- Data records -
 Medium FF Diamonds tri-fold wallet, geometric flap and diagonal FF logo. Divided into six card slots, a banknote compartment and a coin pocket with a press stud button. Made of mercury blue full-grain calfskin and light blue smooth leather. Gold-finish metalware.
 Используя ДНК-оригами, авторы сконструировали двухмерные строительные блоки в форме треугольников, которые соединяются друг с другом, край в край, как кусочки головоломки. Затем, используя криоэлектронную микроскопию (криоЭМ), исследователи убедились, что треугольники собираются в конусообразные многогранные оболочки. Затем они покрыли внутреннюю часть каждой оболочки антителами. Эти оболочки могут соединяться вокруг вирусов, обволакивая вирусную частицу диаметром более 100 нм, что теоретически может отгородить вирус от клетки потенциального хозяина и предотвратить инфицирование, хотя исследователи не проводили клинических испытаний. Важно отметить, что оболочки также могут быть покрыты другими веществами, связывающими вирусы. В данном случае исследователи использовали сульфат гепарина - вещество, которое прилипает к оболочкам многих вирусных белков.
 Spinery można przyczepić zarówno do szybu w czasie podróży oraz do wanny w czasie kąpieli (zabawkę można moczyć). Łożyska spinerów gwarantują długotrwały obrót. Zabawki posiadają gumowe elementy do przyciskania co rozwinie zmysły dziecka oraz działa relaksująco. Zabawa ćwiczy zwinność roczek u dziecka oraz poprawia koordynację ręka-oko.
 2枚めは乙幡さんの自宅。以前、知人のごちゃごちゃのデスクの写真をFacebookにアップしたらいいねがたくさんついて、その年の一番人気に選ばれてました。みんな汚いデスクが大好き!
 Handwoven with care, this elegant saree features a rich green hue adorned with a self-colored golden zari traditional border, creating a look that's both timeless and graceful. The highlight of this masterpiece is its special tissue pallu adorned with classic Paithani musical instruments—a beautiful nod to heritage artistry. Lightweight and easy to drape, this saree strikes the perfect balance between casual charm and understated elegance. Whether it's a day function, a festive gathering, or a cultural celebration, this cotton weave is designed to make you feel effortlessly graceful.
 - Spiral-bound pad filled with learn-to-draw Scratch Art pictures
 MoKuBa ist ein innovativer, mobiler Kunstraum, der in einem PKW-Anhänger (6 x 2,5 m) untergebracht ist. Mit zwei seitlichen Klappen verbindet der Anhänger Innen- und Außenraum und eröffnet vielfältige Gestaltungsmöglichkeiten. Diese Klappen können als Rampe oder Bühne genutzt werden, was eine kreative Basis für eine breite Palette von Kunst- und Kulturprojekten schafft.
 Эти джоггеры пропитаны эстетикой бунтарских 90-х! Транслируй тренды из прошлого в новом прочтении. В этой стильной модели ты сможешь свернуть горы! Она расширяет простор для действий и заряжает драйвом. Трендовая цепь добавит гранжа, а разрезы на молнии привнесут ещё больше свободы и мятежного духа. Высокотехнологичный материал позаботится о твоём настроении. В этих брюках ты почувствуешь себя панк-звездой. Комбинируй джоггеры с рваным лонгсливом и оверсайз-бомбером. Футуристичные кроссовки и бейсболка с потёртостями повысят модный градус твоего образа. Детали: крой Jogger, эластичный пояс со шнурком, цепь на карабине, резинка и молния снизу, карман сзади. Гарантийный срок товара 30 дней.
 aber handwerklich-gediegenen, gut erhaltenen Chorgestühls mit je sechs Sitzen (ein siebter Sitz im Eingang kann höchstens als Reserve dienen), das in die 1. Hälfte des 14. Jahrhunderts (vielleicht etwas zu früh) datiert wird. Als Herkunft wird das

- Activity -
Return all lines from the data that include the string "with".

- Exercise output -
 Medium FF Diamonds tri-fold wallet, geometric flap and diagonal FF logo. Divided into six card slots, a banknote compartment and a coin pocket with a press stud button. Made of mercury blue full-grain calfskin and light blue smooth leather. Gold-finish metalware.
 Handwoven with care, this elegant saree features a rich green hue adorned with a self-colored golden zari traditional border, creating a look that's both timeless and graceful. The highlight of this masterpiece is its special tissue pallu adorned with classic Paithani musical instruments—a beautiful nod to heritage artistry. Lightweight and easy to drape, this saree strikes the perfect balance between casual charm and understated elegance. Whether it's a day function, a festive gathering, or a cultural celebration, this cotton weave is designed to make you feel effortlessly graceful.
 - Spiral-bound pad filled with learn-to-draw Scratch Art pictures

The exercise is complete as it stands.